AB dışişleri bakanları tepkiyi tartışacak
Bloğun dışişleri bakanlarının, İran rejimine yönelik olası yaptırımlar da dahil olmak üzere saldırıya yönelik tepkilerini Salı günü tartışması bekleniyor.
Tahran'ın kitle imha silahlarının yayılmasına ve Mahsa Amini'nin 2022'de rejimin ahlak polisi tarafından öldürülmesi de dahil olmak üzere ısrarcı insan hakları ihlallerine yanıt olarak halihazırda çok sayıda yaptırım uygulanıyor.

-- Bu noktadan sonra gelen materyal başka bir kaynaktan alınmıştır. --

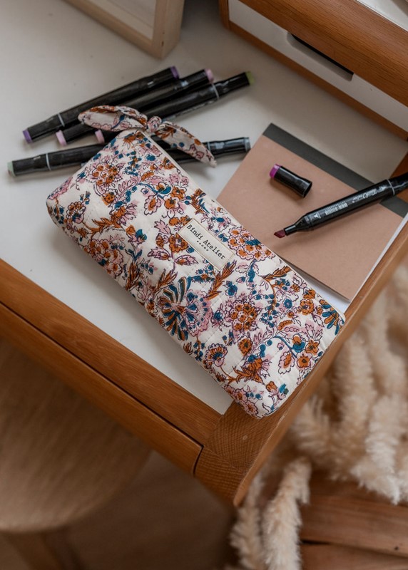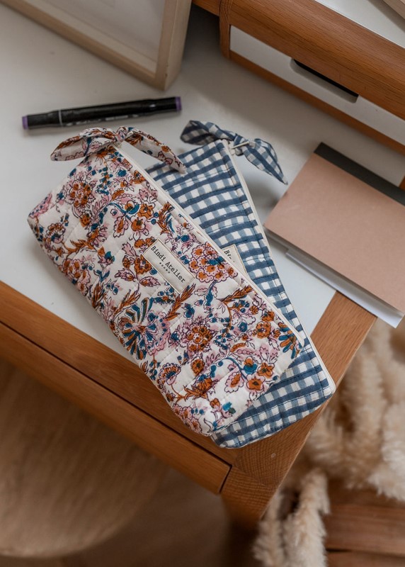 Astuccio portapenne o per altro uso (matite per trucchi veloci, rossetti, e necessaire per essere bella sempre!) Un accessorio essenziale da infilare nelle borse dei bambini, per l’ufficio o negli zaini scolastici. Amiamo le sue stampe iconiche, intramontabili ed eleganti che conquisteranno grandi e piccini. Dimensioni: 26 x 12 x 3 cm 100% cotone trapuntato Tessuto stampato a mano con la tecnica blockprint Stampato e prodotto in India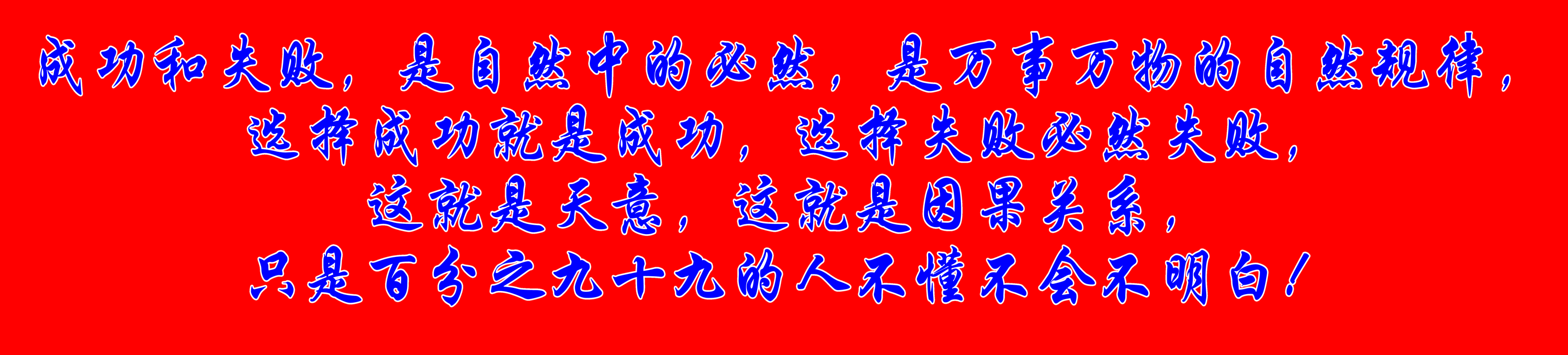 成功和失敗,是自然中的必然,是萬(wàn)事萬(wàn)物的自然規(guī)律,選擇成功就是成功,選擇失敗必然失敗,這就是天意,這就是因果關(guān)系,只是百分之九十九的人不懂不會(huì)不明白!

Pazartesi günü bloğun İsrail'e yönelik saldırıya yanıt olarak daha fazla yaptırım uygulamaya karar verip veremeyeceği sorulduğunda AB dış politika sözcüsü şunları söyledi: "Diğer yaptırımlar (…) üye devletlerin elinde olan bir süreçtir."

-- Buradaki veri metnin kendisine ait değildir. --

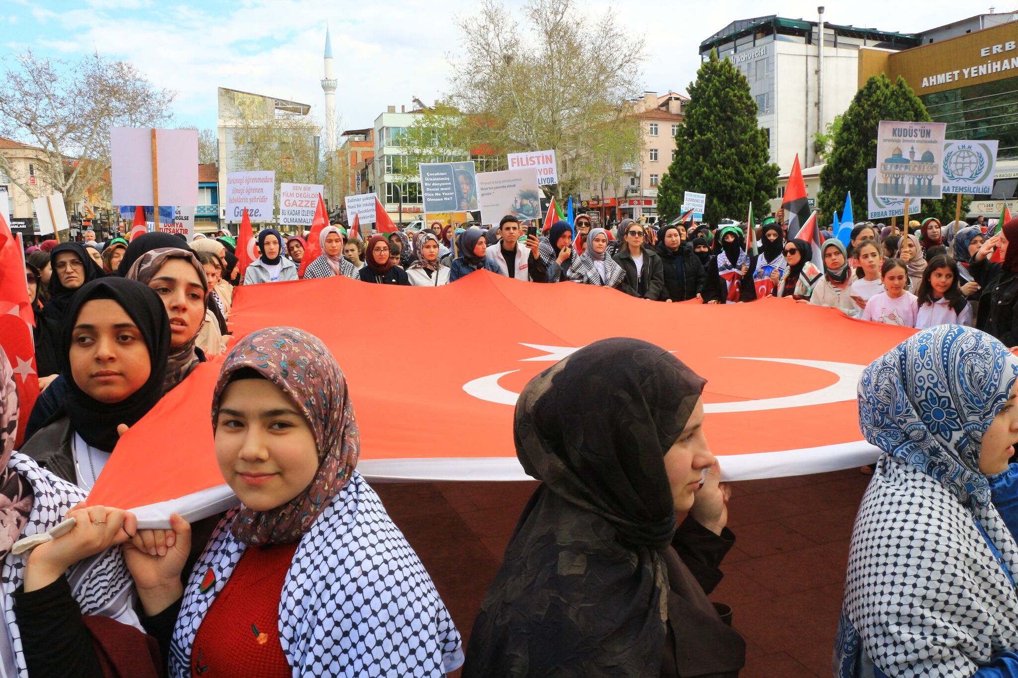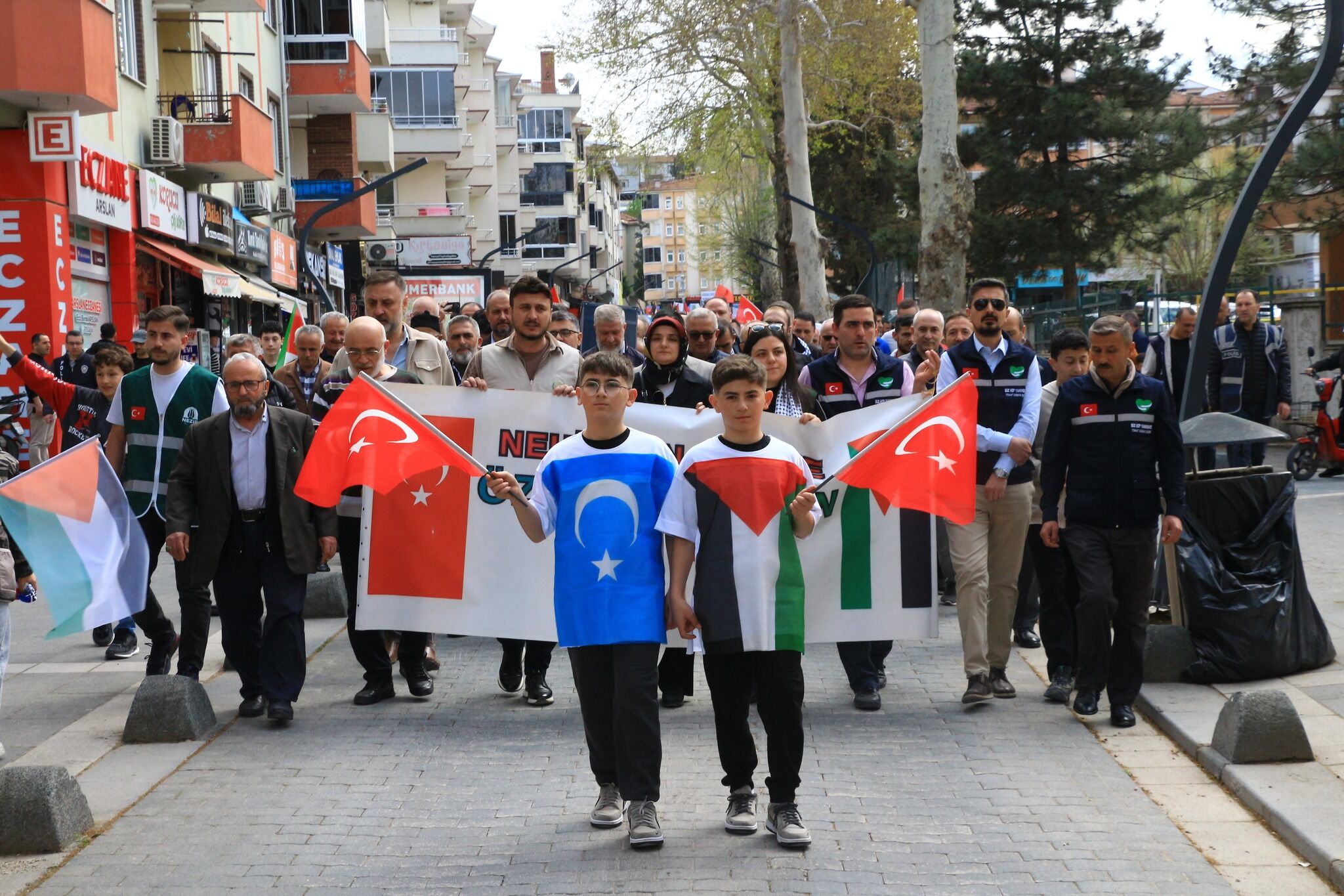 Düzenlenen yürüyüşe çok sayıda vatandaş katıldı. Erbaa`da sivil toplum örgütleri tarafından Filistin ve Doğu Türkistan’a destek yürüyüşü düzenlendi. 'Zulme Karşı Omuz Omuza' sloganıyla düzenlenen yürüyüşte çok sayıda vatandaş katıldı. Çamlık Korupark Millet Bahçesi’nden Cumhuriyet Meydanı'na yürüyen kalabalık ‘Nehirden Denize Özgür Filistin, 'Çocuklar Ölürken Sessiz Kalınmaz' sloganları attı.
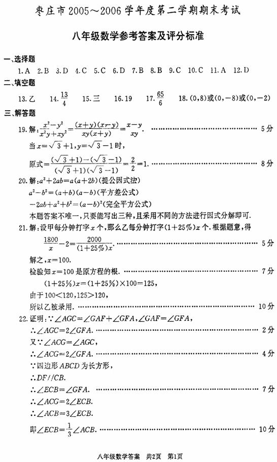19.(本题满分8分)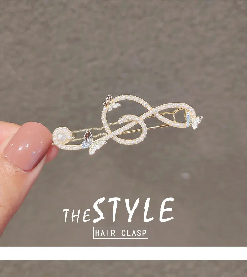 Заколка для волос женская металлическая, белая, с музыкальными нотами

Sözcü, "Önceden duyurmuyoruz, gizli olduğu için bu süreci önlemiyoruz" diye ekledi.
Sözcü ayrıca, AB'nin çatışmaya ilişkin tutumundaki "çifte standart" iddialarını da kesin bir dille reddederek, İsrail'in Nisan ayı başlarında İran'ın Şam konsolosluğuna düzenlediği saldırıyı da kınadığına işaret etti.
Sözcü, "Bu konu hakkında (İsrail'in Şam'daki İran konsolosluğuna saldırısı) bir açıklama yayınladık ve bu saldırıyı açıkça kınadık, kınadık çünkü bunu aynı zamanda bir başka potansiyel gerilim riski ve diplomatik tesislerin ihlali olarak gördük." dedi.
"Dolayısıyla kesinlikle çifte standart söz konusu değil. Uluslararası hukuku ihlal eden olayları olduğu gibi kınıyoruz."
İran, Cumartesi günkü saldırıyı kınarken bu hükümetlerin "çifte standartları" olduğunu iddia ettiği İngiliz, Fransız ve Alman büyükelçilerini çağırdı. Öte yandan İran, Rusya'nın İsrail'in İran'ın diplomatik tesislerine saldırısını kınayan BM Güvenlik Konseyi kararını da reddetti. Şam.
Almanya ve Çek Cumhuriyeti, Tahran'ın saldırısının ardından İran büyükelçilerini çağırdı.